A new Centers for Medicare and Medicaid Services (CMS) proposal would cause almost 14 million seniors to lose their Medicare Part D stand-alone plans, says Devon Herrick, a senior fellow at the National Center for Policy Analysis.

The Medicare drug program has been popular, and the number of seniors without drug coverage has fallen 60 percent since the Medicare Modernization Act (MMA) was passed in 2003. Seniors have a wide range of plans from which to choose, and drug spending has actually been much lower than projected. Costs per capita in 2013 were projected to be $3,047 but were actually only $1,846, a savings of 40 percent per enrollee.

Of the 39 million Americans enrolled in Medicare, 36 million of them have Medicare Part D drug plans.

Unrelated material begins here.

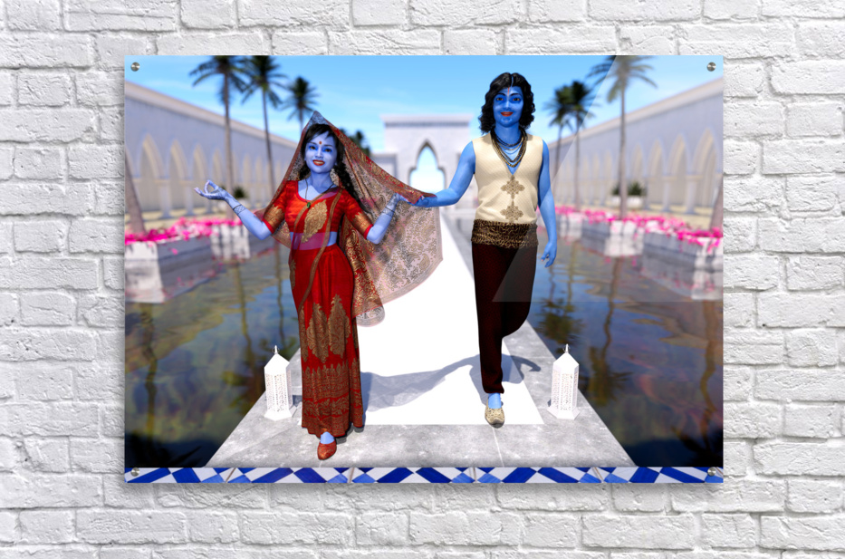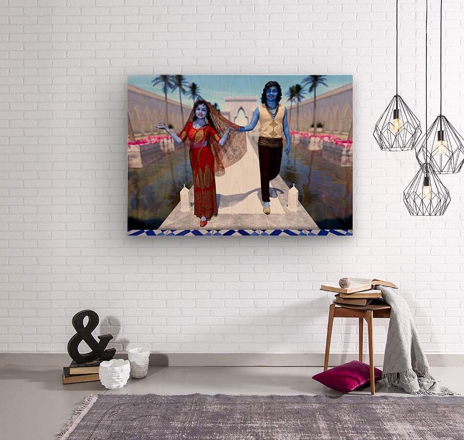 Get this artwork "Krishna and Radha entering the temple" in a framed print.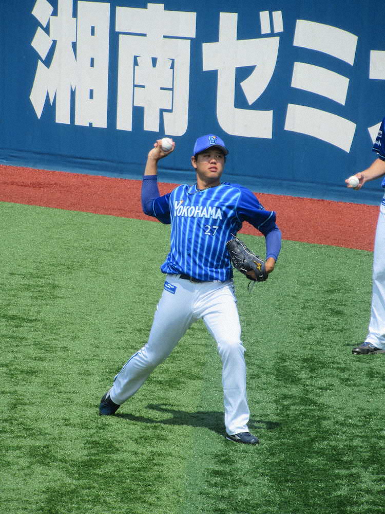 キャッチボールで調整するDeNA・上茶谷

– Part D plans aim to keep costs down by using preferred-drug lists, tiered formularies and mail-order drug suppliers.
– Drug plan operators negotiate with drug companies and distributors to get the lowest possible drug prices, entering into exclusive contracts with preferred pharmacy networks.

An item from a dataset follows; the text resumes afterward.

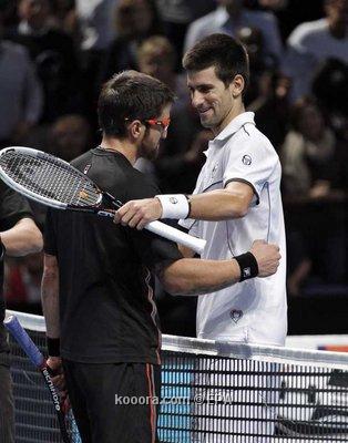 وكان جوكوفيتش بحاجة إلى فوز فيرير في المباراة أمام بيرديتش كي يتأهل من المركز الثاني في المجموعة الأولى ، لكن اللاعب التشيكي حقق الفوز لينتزع بطاقة التأهل مع فيرير.

But last month, CMS proposed regulations that would restrict the ability of drug plans to offer lower drug prices. The proposed rules would weaken the ability of drug plans to bargain for lower prices by banning “preferred networks,” keeping losing bidders who had offered higher prices from being excluded from drug plans. This would give pharmacy networks little reason to make price concessions, knowing that a losing bid will not keep them from losing out on potential business. The actuarial firm Milliman contends that the regulatory change would cost the Medicare program almost $1 billion annually.

The proposed rule is a bad idea, and if it goes through, seniors and taxpayers will pay higher prices for their medications.